I am working on a pipeline that includes obtaining predictions from a machine learning model and I'm trying to use ray to speed it up. The inputs can get repetitive so I'd like to share a cache in the function such that all the workers of this remote function can a share access to the cache and search it and obtain values. Something like the below
@ray.remote
def f(x):
# create inputs from x
# do work
unknown_y1 = []
obtained_y1 = []
for index, y in enumerate(y1):
key = '|'.join([str(x) for x in y.values()])
if key in cached:
obtained_y1.append(cached[key])
else:
obtained_y1.append(np.inf)
unknown_y1.append(promo)
unknown_y2 = []
obtained_y2 = []
for index, y in enumerate(y2):
key = '|'.join([str(x) for x in y.values()])
if key in cached:
obtained_y2.append(cached[key])
else:
obtained_y2.append(np.inf)
unknown_y2.append(baseline)
known_y1, known_y2 = predictor.predict(unknown_y1,unknown_y2)
unknown_index = 0
for index in range(len(y1)):
if(obtained_y1[index] == np.inf):
obtained_y1[index] = known_y1[unknown_index]

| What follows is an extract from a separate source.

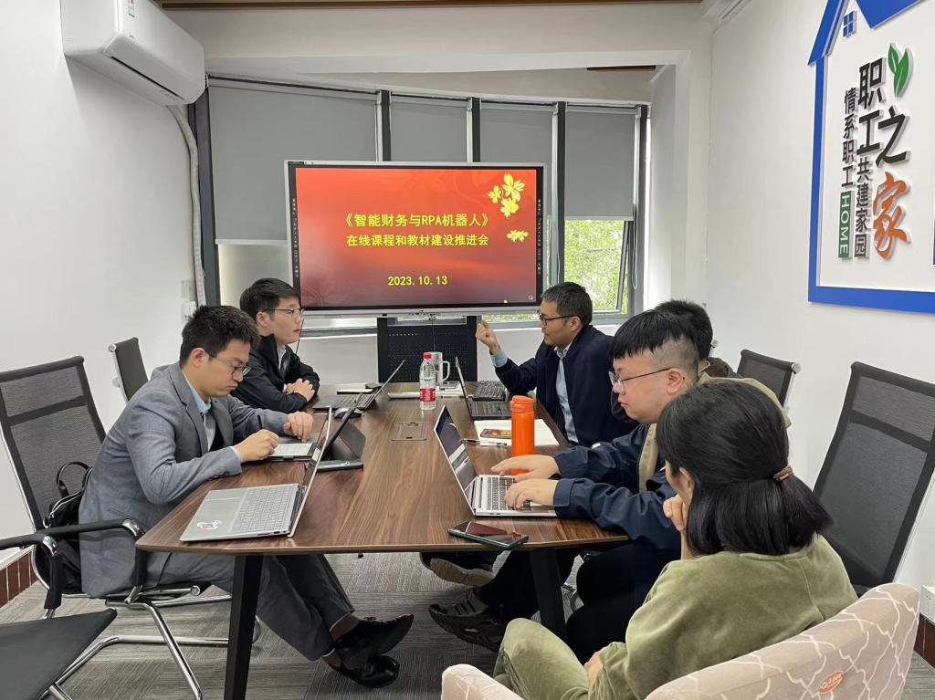 郑建华、韦浪等针对课程建设重点和问题进行深入讨论,明确建设《智能财务与RPA机器人》在线课程的一流课程目标,在智能财务的基础上,深化RPA技术的应用,突出自身特色。同时,充分利用新道科技教学平台,深化交流合作,加快在线课程的建设。

key = '|'.join([str(x) for x in y1[index].values()])
if not(key in cached):
cached[key] = obtained_y1[index]
unknown_index = unknown_index+1
unknown_index = 0
for index in range(len(y2)):
if(obtained_y2[index] == np.inf):
obtained_y2[index] = known_y2[unknown_index]
key = '|'.join([str(x) for x in y2[index].values()])
if not(key in cached):
cached[key] = obtained_y2[index]
unknown_index = unknown_index+1
I've tried creating a global dictionary by adding global cached;cached=dict()
at the top of my script but it seems like that variable is a different version across workers and does not share the data. Previously I was doing this with dogpile.cache.redis
but the region will not be serializable since it uses a thread lock. I've also tried creating a dict and putting it in ray's object store using ray.put(cached)
but I think I read somewhere that ray cannot share dictionaries in memory
I am currently trying to return the cache from each worker and merge them in the main and then put them in object store again. Is there a better way of sharing a dictionary/cache between ray workers?